Definitely shoegaze legends (mainly My Bloody Valentine) have influenced us a lot, along with The Jesus and Mary Chain and The Velvet Underground and Mazzy Star; we also love the psych scene, starting from the milestones Spacemen 3, Loop, The Brian Jonestown Massacre... But we listen to a wide range of music and all of it somehow inspires us, from Debussy to The Stooges.
|Des fleurs magiques bourdonnaient|
I found “Des fleurs magiques bourdonnaient” one of the best albums of 2016 and I wasn’t the only one to do so (Shoegazer Alive appreciated it as well). How do you create such a good album? Did it take long or was it more a spontaneous thing?
Thanks a lot! Well, I (Sebastian) was in a rough period when I started crafting these songs, and I'd like to believe that fuzzy music was a sort of therapy. I was very keen on adding Indian tanpura drones, using certain guitar tunings where the interaction between strings produce hypnotic rapture, and staying very minimal with structure. It didn't take much time, at rehearsals we arranged the songs together very quickly, but it was like ripping what we had sown in the previous months of touring and rehearsals. The four of us had developed our own language, and we can say this album actually represents us.
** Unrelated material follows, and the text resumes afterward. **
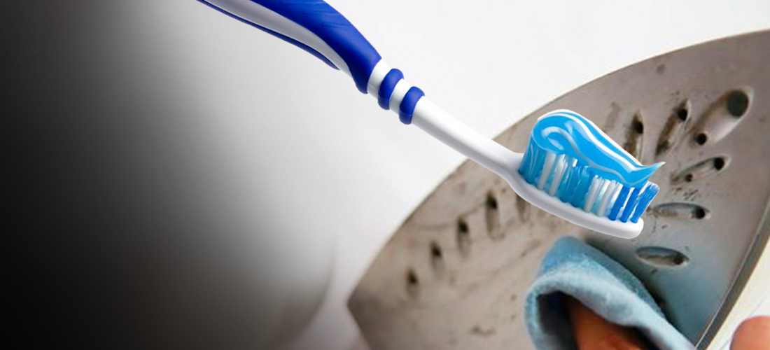 Зубная паста подходит для очистки поверхности из нержавеющей стали. Для этого необходимо нанести средство на предварительно разогретую подошву. Повысить эффект поможет применение старой зубной щетки, она позволит оттереть нагар. На финальном этапе поверхность следует протереть влажной тканью, вытереть насухо.

I would like to mention also the sound engineers, Alessio Pindinelli and Fabio Galeone from Wax Studio, who are really great guys and made an awesome work with us.
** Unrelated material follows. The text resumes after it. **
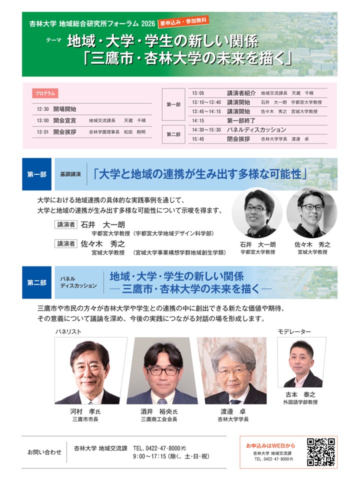 杏林大学地域総合研究所は、2026(令和8)年3月28日(土)13時00分より、本学井の頭キャンパス A棟1階 A101講義室にて、

The title comes from Arthur Rimbaud’s poem from "Illuminations" anthology. What does it mean to you?
We found this poem somehow resonating with what we were doing. Its dream-like, hallucinatory poetry is a fuzzy voice from the subconscious. Quite much a shoegaze thing, isn't it? Also, in our modest way we plunged into the language of Myth and in terms of song structure we looked for essentiality. Finally, "Illuminations" are made up of self-contained idylls, like our album, where each song is quite apart from the others.
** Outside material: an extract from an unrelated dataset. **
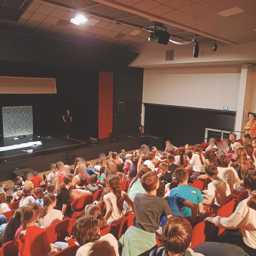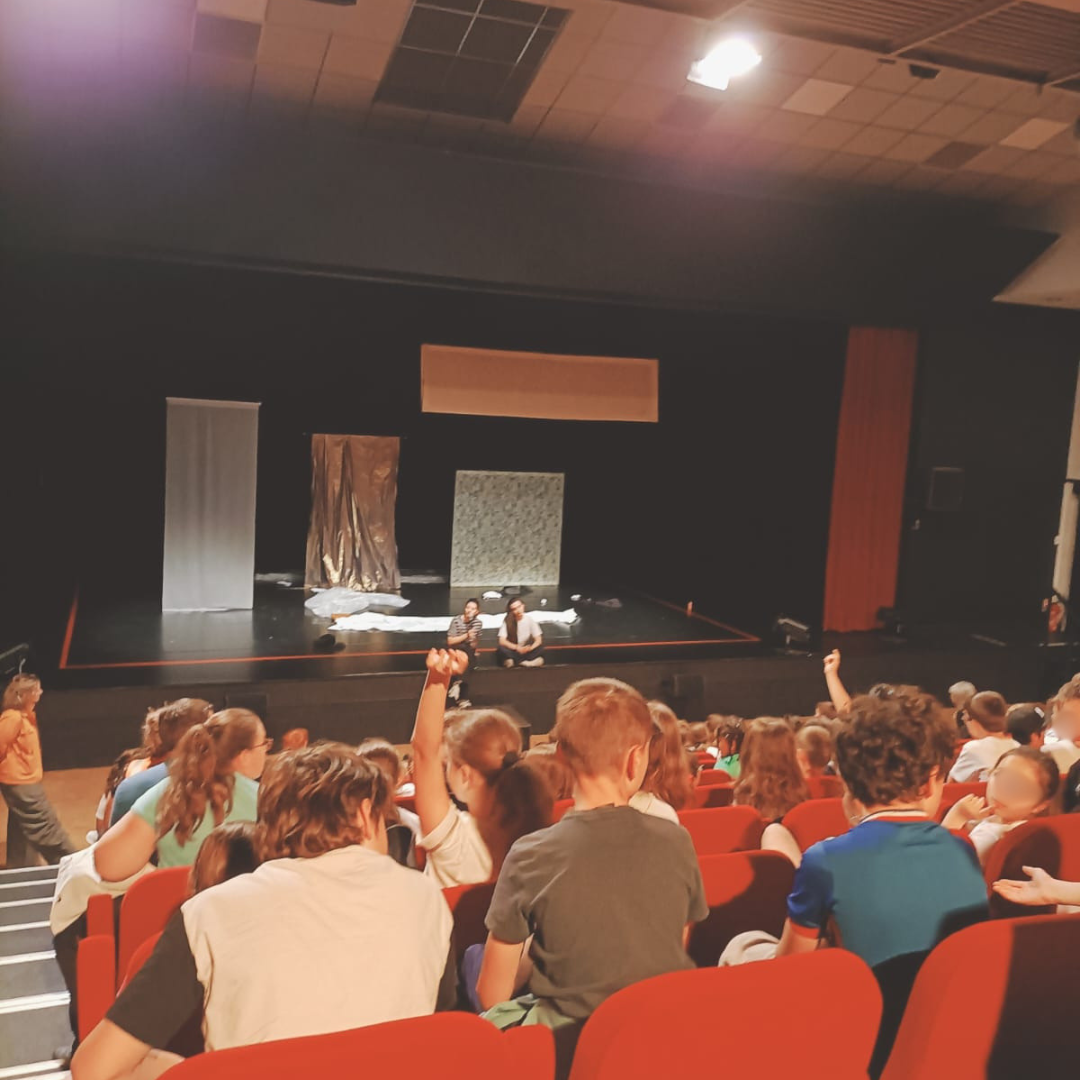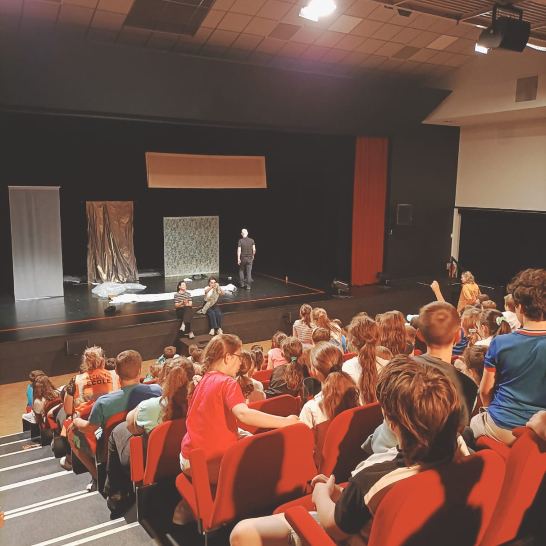 À l’issue des représentations, les élèves ont échangé avec le régisseur et les deux comédiennes de la Cie La Rousse. De la technique au jeu, en passant par la narration, ils ont pu poser leurs questions et découvrir les coulisses du spectacle et du théâtre !

|"Illuminations" by Arthur Rimbaud|
My favourite song from “Des fleurs…” is “Blame”. The lyrics are pretty heavy, was it inspired by real events? How was it created?
I (Laura) remember that “Blame” was one of the first songs of the album to be created. We had played for the first time the main parts at rehearsals on one evening, and the day after I composed the lyrics. I usually try to imagine what kind of mood or situation the music reminds me of... It was not inspired by real events, it was just a tough period for me. It's about someone seeing and feeling terrifying, insane visions, and he knows it's all in his head but can't stop thinking and feeling those things, so besides being scared he also blames himself for this.
What are your plans for 2017? Are you planning a European tour perhaps?
We would like to play live as much as possible. In 2016 we played UK, France, Belgium, Italy, Switzerland and Austria; now we are in talks for some gigs in Sicily and probably we're going to play once more France and Switzerland in April; but it would be great to play in other areas too.